I would also like to thank the member of my advisory committee Andrew Pask, Christine Wells and Edmund Crampin for their advice and encouragement.
Outside my work a big part of my PhD has been my involvement with COMBINE. Thank you to everyone who has contributed to building and continuing to develop the organisation, particularly Leah Roberts who has guided me through everything. The Australian bioinformatics student community is extremely fortunate to have such an organisation and I hope students and supervisors continue to support COMBINE and make it even better.
Thank you to my friends and family for the support you have provided outside my PhD, it’s important to have other things going on in the rest of my life. The biggest thanks to my partner Sarah for her continued love and care (and proofreading expertise).
Lastly I want to thank the wider scientific and programming communities.

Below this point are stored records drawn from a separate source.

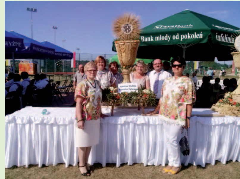
Wieniec dożynkowy z Tylawy reprezentował gminę Dukla na dożynkach Powiatowych w Krościenku Wyżnym.
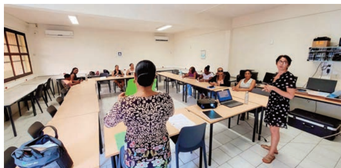
Une formation importante pour une meilleure connaissance des allergies alimentaires
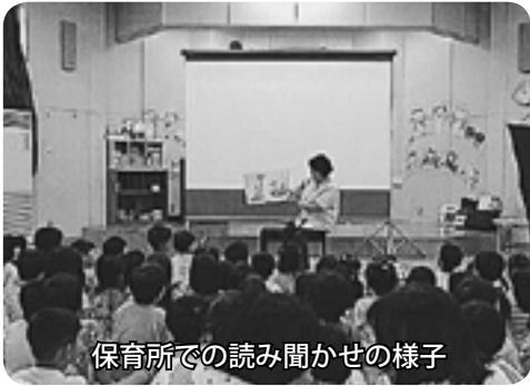
保育所での読み聞かせの様子
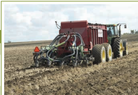
Pour toute injection d'engrais dans le sol, respecter une distance de retrait d'au moins 3 m (10 pieds) à partir de tout point d'eau de surface.
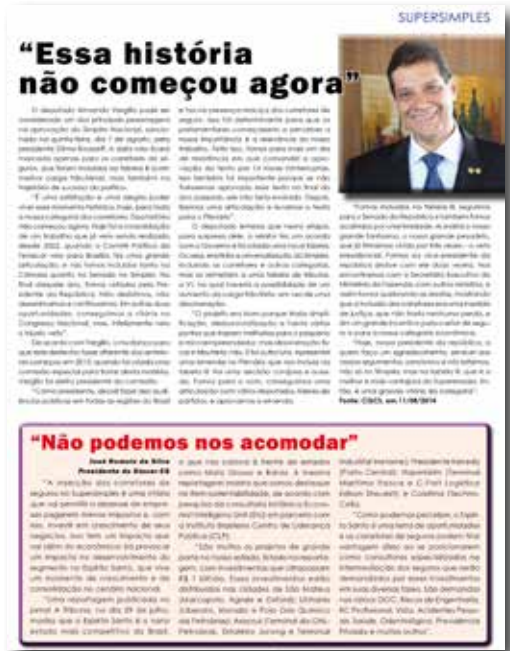
Páginas da Revista Sincor-ES de agosto de 2014, destacando a inclusão dos Corretores de Seguros no Supersimples.
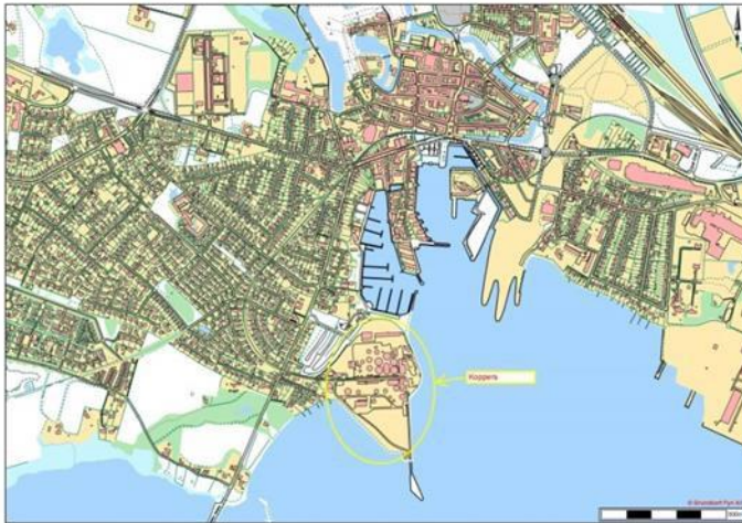
Figur 1 Oversigtskort over placering af Koppers Denmark
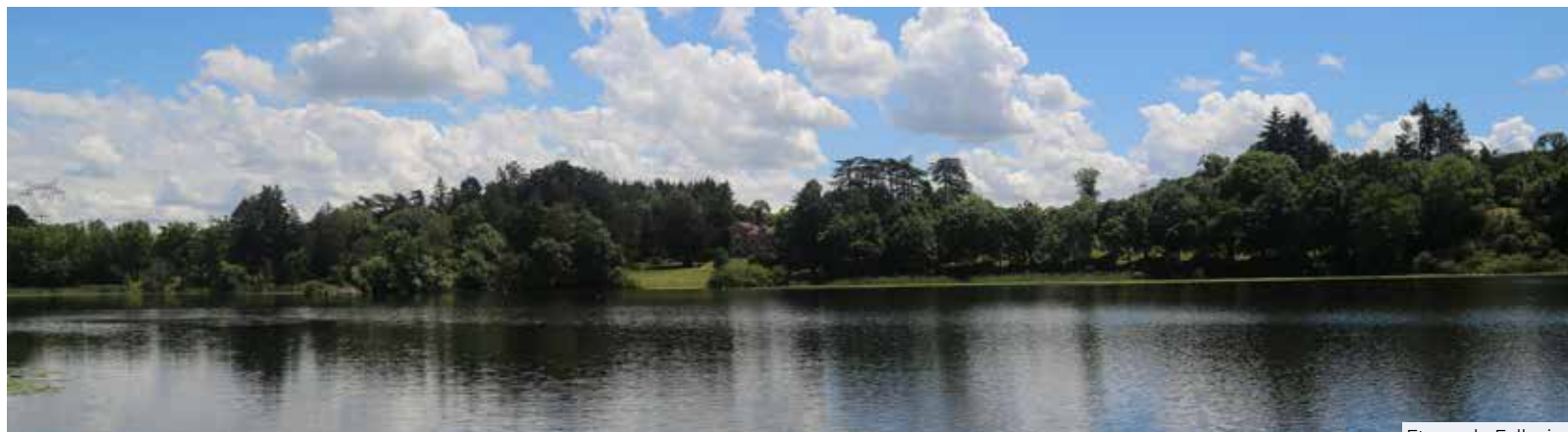
Etang de Fallavier

Everyone who makes their code, software, data and analysis available makes this kind of research possible, easier and more fun.
List of copyright
The copyright of the publication “Exploring the single-cell RNA-seq analysis landscape with the scRNA-tools database” included in Chapter 2 is held by the authors including myself under a Creative Commons Attribution License (CC BY 4.0) (https://creativecommons.org/licenses/by/4.0/). This license permits unrestricted use, distribution and reproduction in any medium, provided the original authors and source are credited.

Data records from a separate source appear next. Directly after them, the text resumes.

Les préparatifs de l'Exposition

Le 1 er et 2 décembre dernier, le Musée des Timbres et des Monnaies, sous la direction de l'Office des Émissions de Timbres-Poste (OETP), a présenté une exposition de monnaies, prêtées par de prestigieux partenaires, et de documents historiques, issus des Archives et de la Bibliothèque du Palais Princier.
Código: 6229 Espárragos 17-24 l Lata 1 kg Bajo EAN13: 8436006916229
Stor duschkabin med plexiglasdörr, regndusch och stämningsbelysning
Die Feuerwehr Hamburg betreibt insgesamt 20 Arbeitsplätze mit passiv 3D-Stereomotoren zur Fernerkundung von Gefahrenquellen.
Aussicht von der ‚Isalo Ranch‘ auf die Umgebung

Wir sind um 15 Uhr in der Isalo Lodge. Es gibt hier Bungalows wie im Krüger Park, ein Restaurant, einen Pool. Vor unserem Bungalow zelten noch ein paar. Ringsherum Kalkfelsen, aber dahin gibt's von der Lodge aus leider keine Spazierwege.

The copyright of the publication “Splatter: simulation of single-cell RNA sequencing data” included in Chapter 3 is held by the authors including myself under a Creative Commons Attribution License (CC BY 4.0). The additional files for this publication provided in Appendix A are covered by the same license.
The copyright of the Splatter R software package and the documentation included in Appendix B is held by the authors including myself under a GNU General Public License v3.0 (GPL-3) license (https://choosealicense.com/licenses/gpl-3.0/). This license allows me to reproduce the documentation in both print and electronics versions of this thesis.
The copyright of the publication “Clustering trees: a visualization for evaluating clusterings at multiple resolutions” included in Chapter 4 is held by the authors including myself under a Creative Commons Attribution License (CC BY 4.0).
The copyright of the clustree R software package and the documentation included in Appendix D is held by the authors including myself under a GNU General Public License v3.0 (GPL-3) license.
The copyright of the publication “Single-cell analysis reveals congruence between kidney organoids and human fetal kidney” included in Appendix E is held by the authors including myself under a Creative Commons Attribution License (CC BY 4.0).